* **What the exercise asks**:
Exactly the lines from the one holding "Imagen 4 en Wikipedia. Lic. GNU" through the end of the material below must be printed, nothing more, and the pictures must be dropped.

* **Material provided**:
--

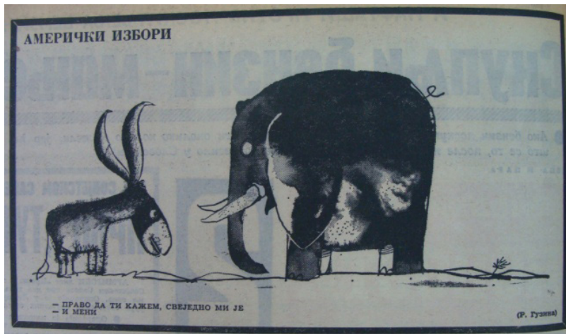
(7) Амерички избори: „Право да ти кажем, свеједно ми је. – И мени.“, В. новости , 6. новембар 1968, 2 (Р. Гузина).
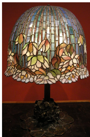
Imagen 4 en Wikipedia. Lic. GNU
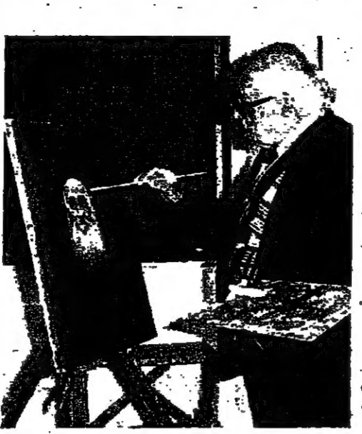
مؤسسة .. تصور مؤرقة على جبل مشرف على منطقة الشمال

--

* **Expected answer**:
Imagen 4 en Wikipedia. Lic. GNU
مؤسسة .. تصور مؤرقة على جبل مشرف على منطقة الشمال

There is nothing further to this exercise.